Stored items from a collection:

==*==

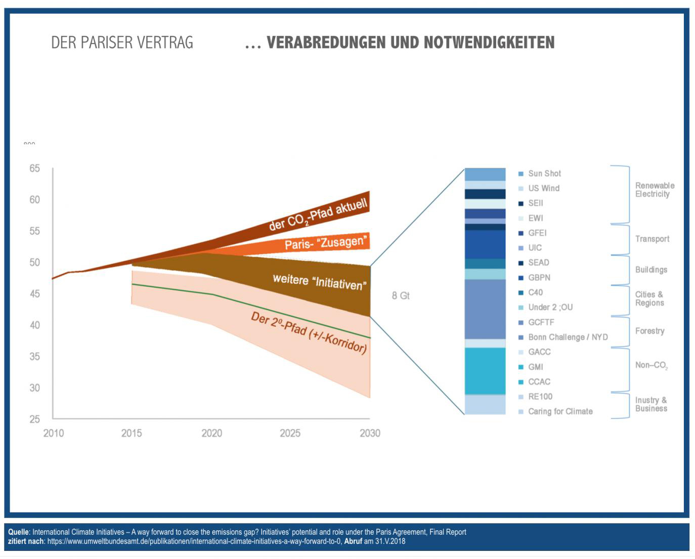 die Tatsache, dass a) die in COP21 (der „Pariser Vertrag“ von 2015) vereinbarten Massnahmen nicht eingehalten werden (das ist, leider, ein Indikativ! – auf globaler Ebene steigen die CO2-Emissionen anstatt zu sinken). Doch damit nicht genug: Überdies sind b) die Massnahmen des Pariser Vertrages um einen Faktor 2 oder 3 zu klein geraten sind, um, würden sie denn eingehalten, das 2-Grad-Ziel zu erreichen. Dazu bräuchte es weitere „Initiativen“, die übrigens „freiwillig“ sind und nicht Gegenstand des Pariser Vertrages.
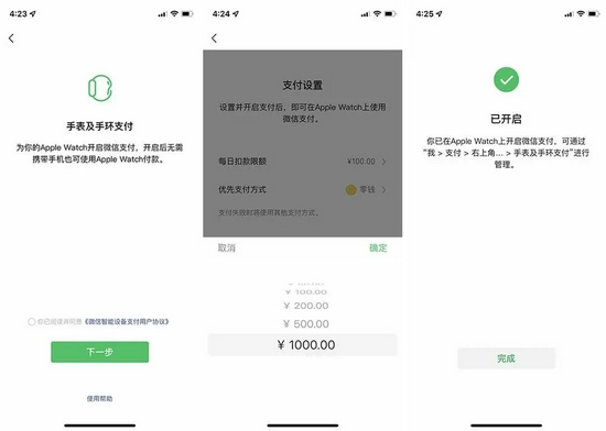 在手机微信上同意《微信智能设备支付用户协议》,设置每日限额、支付方式,并输入支付密码确认,就可以开启手表支付功能了。微信支付支持最高每日 1000 元人民币的支付限额。
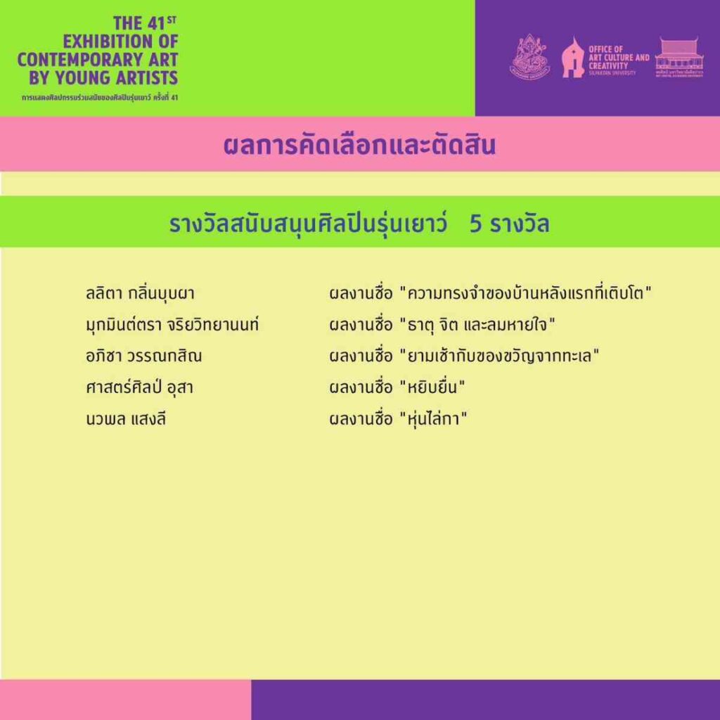 นิสิตสาขาวิชาการออกแบบเซรามิกส์ ได้รับการคัดเลือกและตัดสินให้ได้รับ “รางวัลสนับสนุนศิลปินรุ่นเยาว์” จากการแสดงศิลปกรรมร่วมสมัยของศิลปินรุ่นเยาว์ ครั้งที่ 41
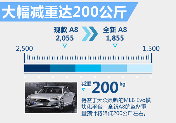 作为奥迪目前的旗舰轿车产品,新一代A8将与A6、A7一样采用大众MLB Evo平台,同时使用大量的高强度钢和铝合金等轻质材料,其重量将降低200公斤左右,减重后将与现款A6L重量相当,可想而知其燃油经济性和操控性将进一步提升。
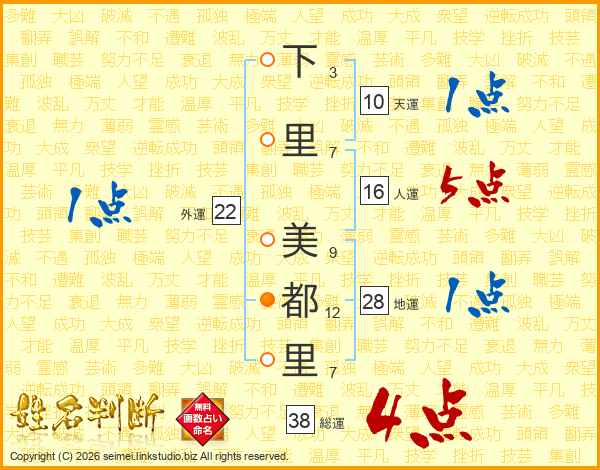 下里美都里さんの総運は38画の4点!
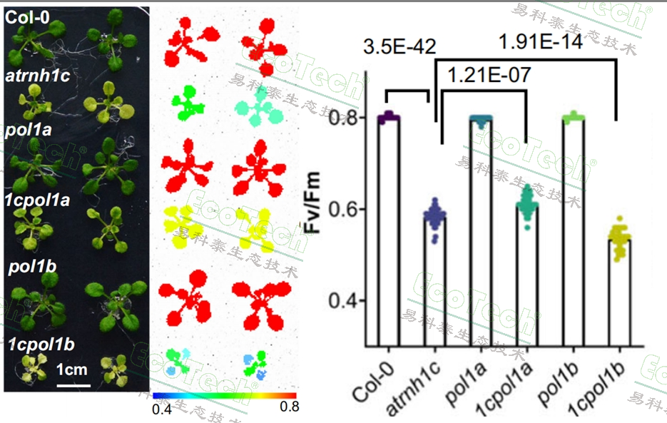 葉綠體基因組的復(fù)制需要兩種DNA聚合酶的參與,即Pol1A和Pol1B。先前的研究表明,Pol1B不僅參與復(fù)制過(guò)程,還具有DNA修復(fù)功能。Fluorcam成像等鑒定結(jié)果表明,Pol1B和atrnh1c的雙突變體(1cpol1b)表現(xiàn)出比atrnh1c更嚴(yán)重的葉綠體基因組退化和生長(zhǎng)缺陷。Pol1A和atrnh1c的雙突變體(1cpol1a),與atrnh1c相比,生長(zhǎng)缺陷、光合效率Fv/Fm、葉綠素含量以及每細(xì)胞葉綠體數(shù)量部分恢復(fù)PolIA功能缺失可減少TRCs,維持基因組穩(wěn)定性。
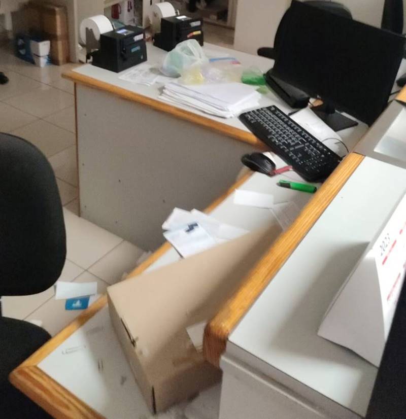 Como se puede observar en las imágenes, los "cacos" rebuscaron en todos los sitios posibles dentro de la oficina buscando posiblemente dinero, pero no tuvieron éxito, pues desde la compañía se afirma que no había dinero en la instalación.
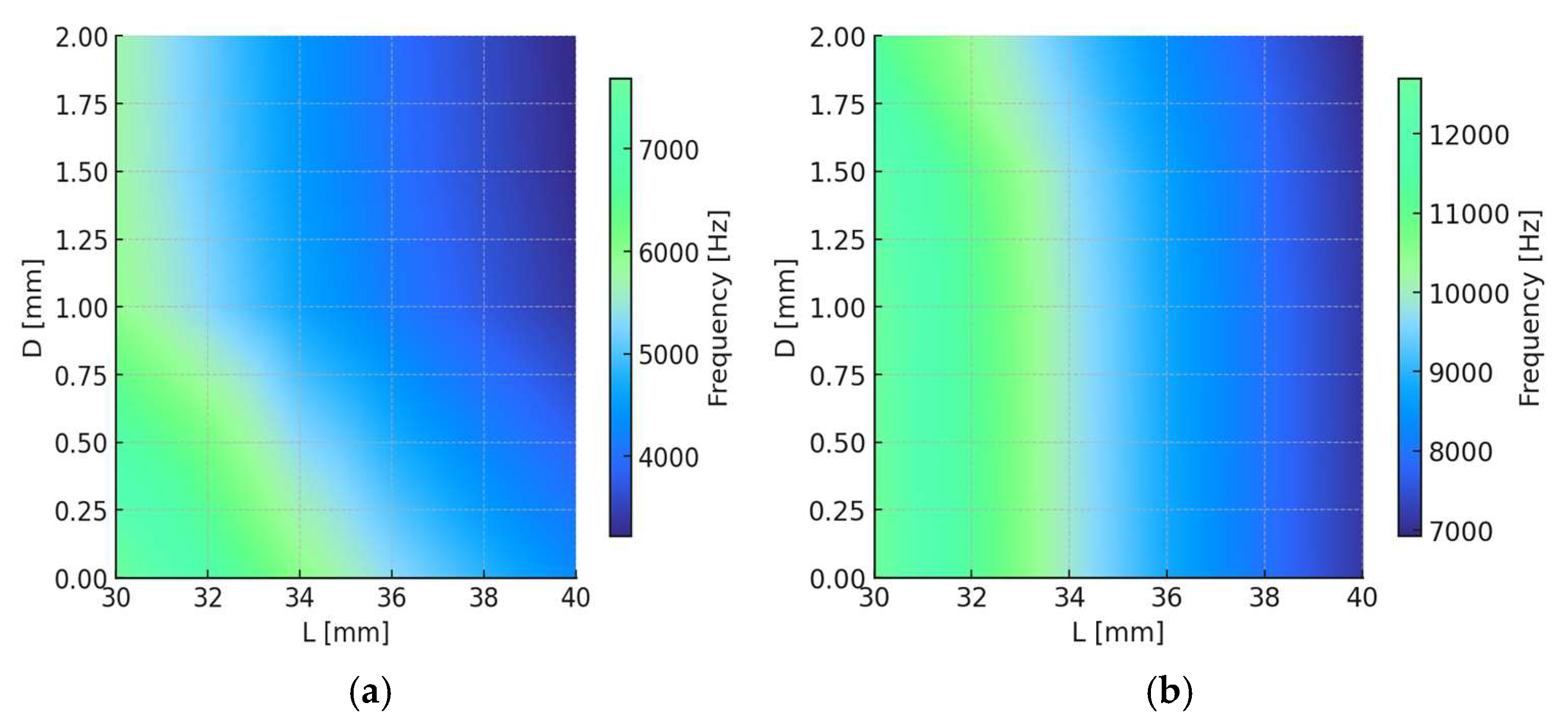 - Design of Experiments (DOE) evaluating the influence of the fiber free length L and proof mass diameter D on the natural frequencies of the fiber–mass subsystem.
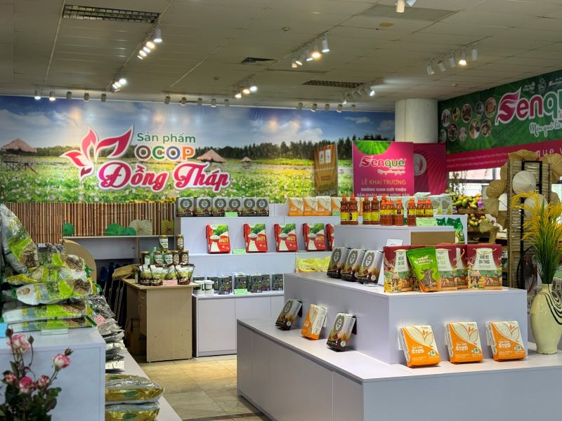 | Không gian sản phẩm OCOP Đồng Tháp tại Trung tâm xúc tiến thương mại nông nghiệp, địa điểm diễn ra chương trình (Ảnh: HNV) |

==*==

▶ REQUIREMENT: Reproduce only the lines of the records from the start up to and including the line that holds "จากการแสดงศิลปกรรมร่วมสมัยของศิลปินรุ่นเยาว์ ครั้งที่ 41"; do not carry over any picture.

▶ WRITTEN RESPONSE:
 die Tatsache, dass a) die in COP21 (der „Pariser Vertrag“ von 2015) vereinbarten Massnahmen nicht eingehalten werden (das ist, leider, ein Indikativ! – auf globaler Ebene steigen die CO2-Emissionen anstatt zu sinken). Doch damit nicht genug: Überdies sind b) die Massnahmen des Pariser Vertrages um einen Faktor 2 oder 3 zu klein geraten sind, um, würden sie denn eingehalten, das 2-Grad-Ziel zu erreichen. Dazu bräuchte es weitere „Initiativen“, die übrigens „freiwillig“ sind und nicht Gegenstand des Pariser Vertrages.
 在手机微信上同意《微信智能设备支付用户协议》,设置每日限额、支付方式,并输入支付密码确认,就可以开启手表支付功能了。微信支付支持最高每日 1000 元人民币的支付限额。
 นิสิตสาขาวิชาการออกแบบเซรามิกส์ ได้รับการคัดเลือกและตัดสินให้ได้รับ “รางวัลสนับสนุนศิลปินรุ่นเยาว์” จากการแสดงศิลปกรรมร่วมสมัยของศิลปินรุ่นเยาว์ ครั้งที่ 41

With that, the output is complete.